◆ **AIM OF THE TASK**
Retype, exactly and with both ends included, the lines below from the one containing "A Brigada Militar" through the end; omit the pictures.

◆ **SUPPLIED MATERIAL**
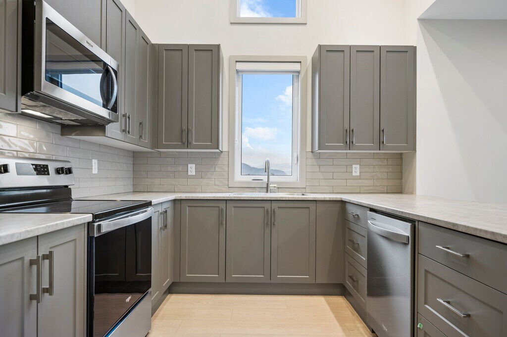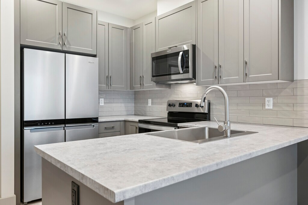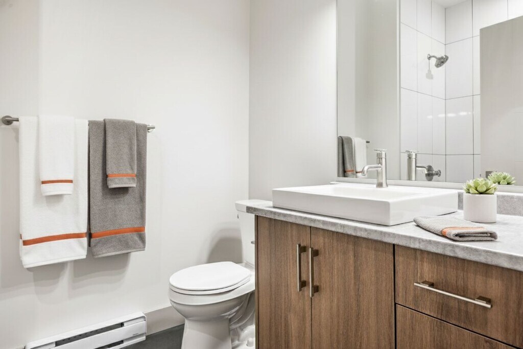 2 Bedroom Apartments BIG NEWS PETS WELCOME! Buildings 1, 2 & 3: One cat is welcome floors 3-6 Building 3: One small dog (40 Lbs. or less) is allowed Vantage Apartments are NOW RENTING! Viewings are available immediately, but you don't have to wait—explore our virtual tours today and envision your new home at Vantage. 3 Brand new rental buildings to choose from! C1 plan 2 bedroom 1 bathroom Starting at $2,000 - $2,075/ month Experience the ultimate in comfort and convenience with our spacious 2-bedroom apartments, available in two versatile floor plans. Each home is thoughtfully designed with modern finishes and premium features: • Concrete-inspired laminate counters in the kitchen and bathroom • Whirlpool appliances, including a dishwasher, microwave, fridge, and stove • In-suite stacked washer and dryer for added convenience • Tile flooring in the bathroom and durable laminate flooring throughout • Private balcony for relaxing or entertaining Choose the layout that suits your needs and elevate your living experience. Contact us today to schedule a viewing and discover your perfect 2-bedroom home. Photos may not be exact unit.
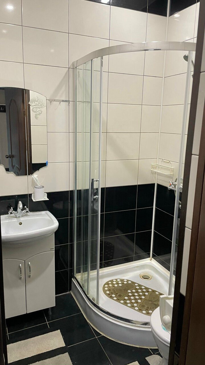 3-х местное размещение в комнате.Все удобства: телевизор, кондиционер, душ, туалет, шкаф для вещей.Свежий ремонт.Просторная кухня со всеми принадлежностями
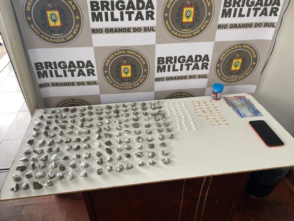A Brigada Militar prendeu um jovem de 19 anos por tráfico de entorpecentes na manhã deste domingo, 15 de fevereiro, no Bairro Industrial, em Farroupilha. A ação ocorreu por volta das 10h30, durante patrulhamento ostensivo em uma região já monitorada pelas autoridades por ser um conhecido ponto de venda de drogas. Ao realizar a abordagem, os policiais encontraram com o indivíduo uma grande quantidade de substâncias ilícitas prontas para a comercialização.
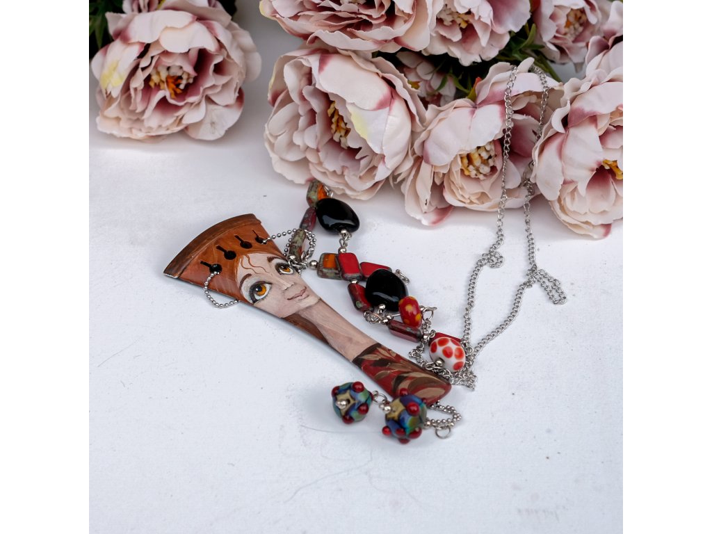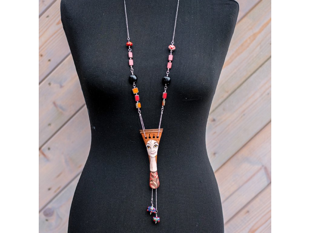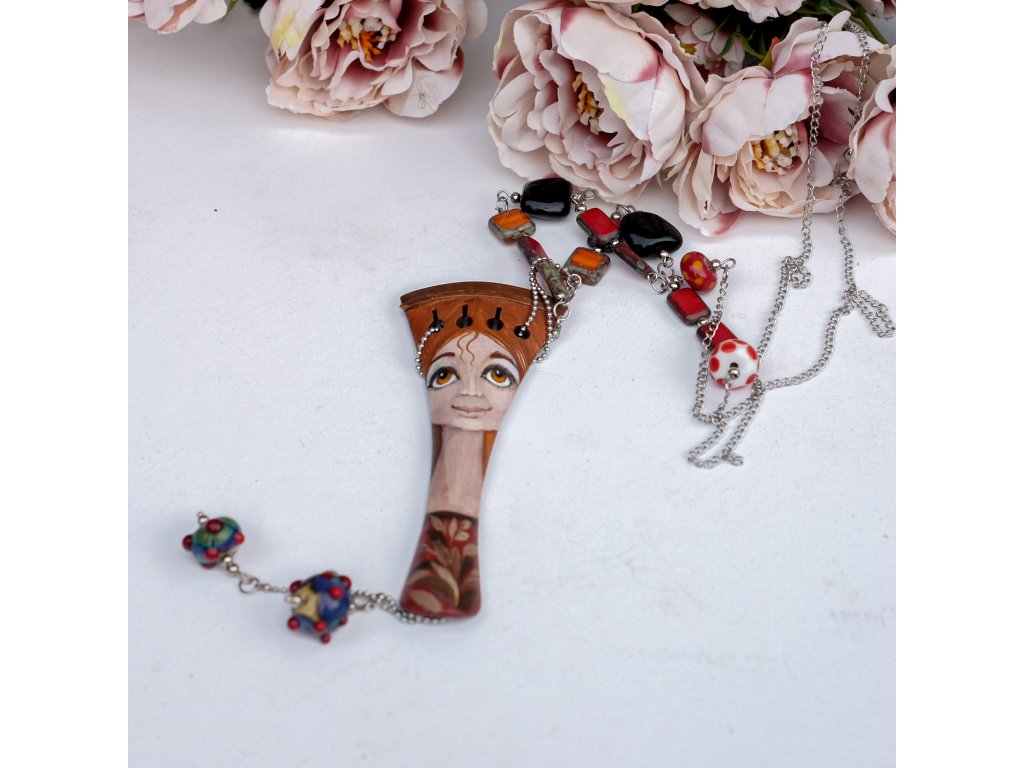 Originální náhrdelník malovaný na houslovém struníku. Struník je dřevěný, netroufnu si říct z jakého je dřeva.

◆ **EXERCISE ANSWER**
A Brigada Militar prendeu um jovem de 19 anos por tráfico de entorpecentes na manhã deste domingo, 15 de fevereiro, no Bairro Industrial, em Farroupilha. A ação ocorreu por volta das 10h30, durante patrulhamento ostensivo em uma região já monitorada pelas autoridades por ser um conhecido ponto de venda de drogas. Ao realizar a abordagem, os policiais encontraram com o indivíduo uma grande quantidade de substâncias ilícitas prontas para a comercialização.
 Originální náhrdelník malovaný na houslovém struníku. Struník je dřevěný, netroufnu si říct z jakého je dřeva.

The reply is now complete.